Williams, C.J., and Brickley, Cavanagh, Boyle, Riley, and Archer, JJ., concurred with Levin, J. 
      
      
        Kovacs v Chesapeake & O R Co, 134 Mich App 514; 351 NW2d 581 (1984).
     
      
       SJI2d 53.03.
     
      
       (1) After a verdict rendered by a trier of fact in favor of a plaintiff, an order of judgment shall be entered by the court. The order of judgment shall be entered against each defendant, including a third-party defendant, in the following order and in the following judgment amounts:
      (a) All past economic damages, less collateral source payments as provided for in section 6303.
      (b) All past noneconomic damages.
      (c) All future economic damages, less medical and other health care costs, and less collateral source payments determined to be collectible under section 6303(5) reduced to gross present cash value.
      (d) All future medical and other health care costs reduced to gross present cash value.
      (e) All future noneconomic damages reduced to gross present cash value.
      (f) All taxable and allowable costs, including interest as permitted by section 6013 or 6455 on the judgment amounts.
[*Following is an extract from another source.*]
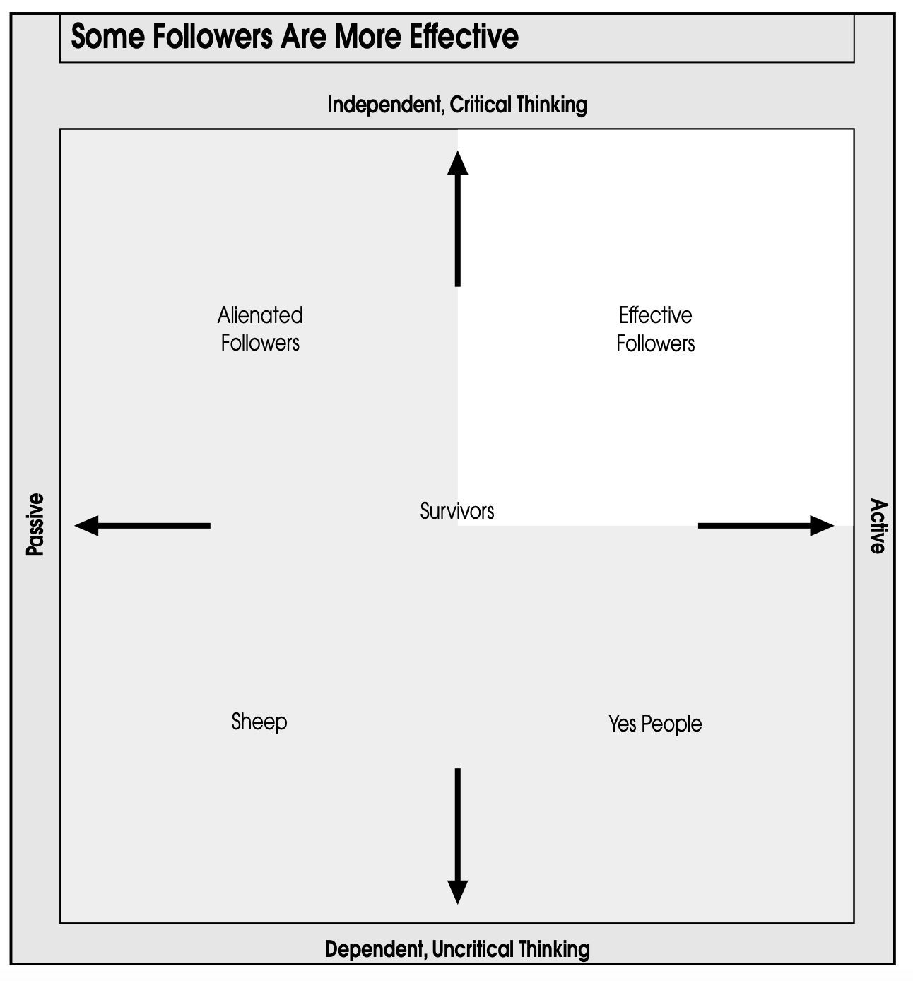 - Effective Followers, who think for themselves and carry out their duties and assignments with energy and assertiveness.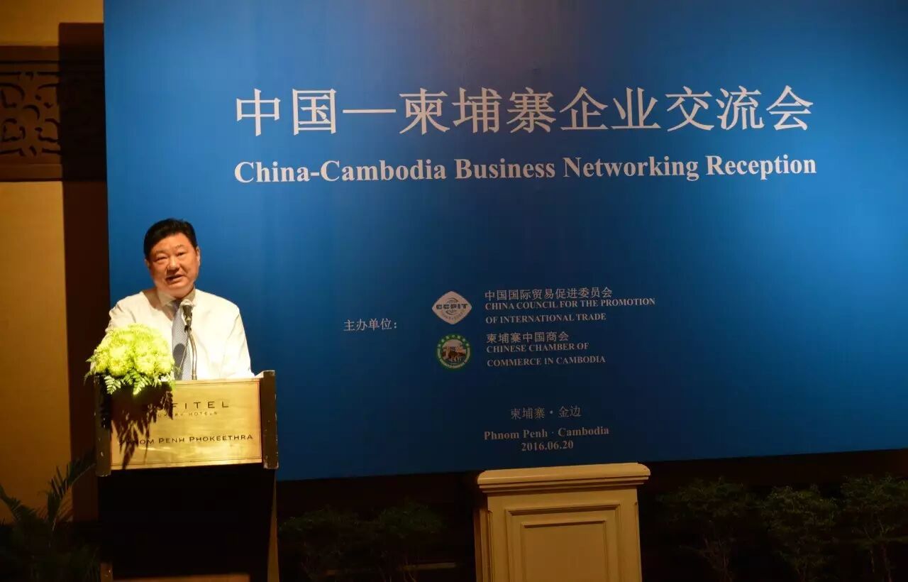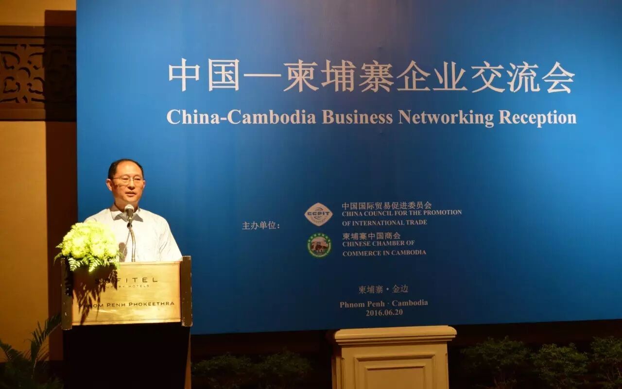 6月20日下午,中国贸促会副会长卢鹏起率贸易投资促进代表团在柬埔寨金边出席中国-柬埔寨企业交流会。,柬埔寨中国商会会长高华出席交流会。中国贸促会组织的20余家企业代表与中国银行、中兴、上海建工、中国通信服务等当地中资企业代表参加交流会。会议由中国贸促会贸易投资促进部副部长朱凌燕主持。

      (2) As used in this section, "gross present cash value” means the total amount of future damages reduced to present value at a rate of 5% per year for each year in which those damages accrue, as found by the trier of fact pursuant to section 6305(l)(b). [MCL 600.6306; MSA 27A.6306, added by 1986 PA 178.]
     
      
       MCL 600.6303; MSA 27A.6303, MCL 600.6306; MSA 27A.6306, added by 1986 PA 178.
     
      
       Although there is no decision of this Court on the question, the practice has not been to charge on the possible tax benefit to the plaintiff resulting from the award not being subject to income tax. The majority rule is that the jury should not be charged on income tax consequences. Anno: Propriety of taking income tax into consideration in ñxing damages in personal injury or death action, 16 ALR4th 589.
      Section 3107(b) of the Insurance Code provides that personal protection insurance (no-fault) benefits for work loss shall be reduced by fifteen percent because a money judgment for the plaintiff is not taxable unless the plaintiff presents "reasonable proof of a lower value of the income tax advantage . . . .” MCL 500.3107(b); MSA 24.13107(b).
     
      
       Anno: Effect of anticipated inflation on damages for future losses —Modern cases, 21 ALR4th 21.